Par un matin d'avril, sur un chemin de randonnée, se tiennent deux femmes prés d'un homme en pleurs, elles ne manifestent aucune émotion, s'éloignent .....
d'un pas tranquille......
Esther , muette et traductrice,":les mots , je les ballotte d'une langue à l'autre, je les tripote, je les pelote jusqu'à leur faire exprimer tout leur sens et le son le plus juste....mais ce plaisir ne passe pas par la bouche.Jamais...."assiste à cette scène,:témoin involontaire, elle ne peut l'oublier et va tout faire pour connaître la cause du chagrin de cet homme, elle se retrouvera un soir face à celui qui l'a bouleversée et tentera de le comprendre...
"Que sait - on des peines des autres?"La souffrance, la douleur de l'autre restent indicibles"Chacun porte un iceberg en soi"....
La question est posée et tout est dit.
Anne Bragance, avec son talent habituel développe son récit autour des rapports humains, de la communication, ou plutôt du manque de celle- ci....
Articulé autour d'une poignée de personnes, deux soeurs jumelles dont Esther,un frère et une soeur , deux mères veuves, un barman, dont la vie et les sentiments sont compliqués,par leur inaptitude commune à crever le silence pour comprendre l'autre, l'intrigue évolue sous forme de petits chapitres qui leur sont dédiés, autour de leur différence...
S'en dégagent les thèmes de l'homosexualité,du mutisme, du renfermement sur soi, de la gémellité, de l'absence d'amour maternel, de la solitude extrême, de la kleptomanie ou encore de la folie....

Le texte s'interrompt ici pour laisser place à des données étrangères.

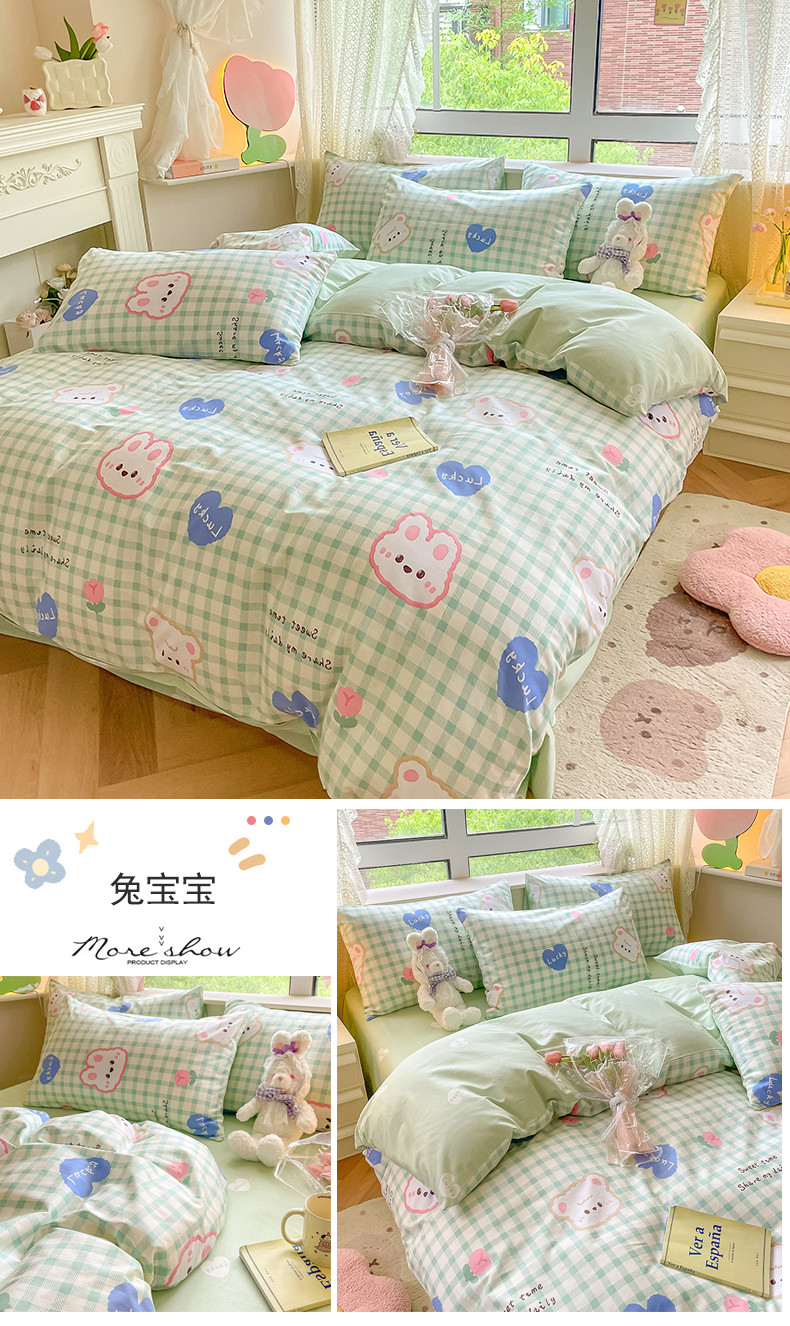 当前位置: 91家纺网 > 商品网购 > 床品套件 > 四件套 > 全棉普通四件套 > 麦伦家居 2023新款全棉斜纹卡通小清新系列四件套-第四波 兔宝宝

Le langage est une faculté nécessaire à l'homme pour établir un lien entre lui et l'autre....l'auteur alterne les"je" des narrateurs successifs , elle donne au lecteur le sentiment d'être un confident privilégié et le pousse à poursuivre sa lecture.
L'épanouissement ne nait que lorsque le dialogue est établi, l'auteur explore l'âme humaine jusqu'à faire affleurer l'indicible et dresse un tableau de l'amour à différents degrés, l'éveil du sentiment chez Esther, la passion destructrice de Nicolas,l'amour fraternel, qu'il soit possessif, ,complice, admiratif, et enfin l'amour maternel absent, l'amour filial non reçu......
Ce roman exprime l'extrême difficulté d'exprimer ses sentiments , du silence naissent la frustration, l'incommunicabilité, la haine, le mépris ,l'illusion, la peur de l'autre......
"Ce qui s'exprime entre deux êtres n'est jamais que l'infime partie, la partie accessible de ce formidable iceberg que chacun porte en soi".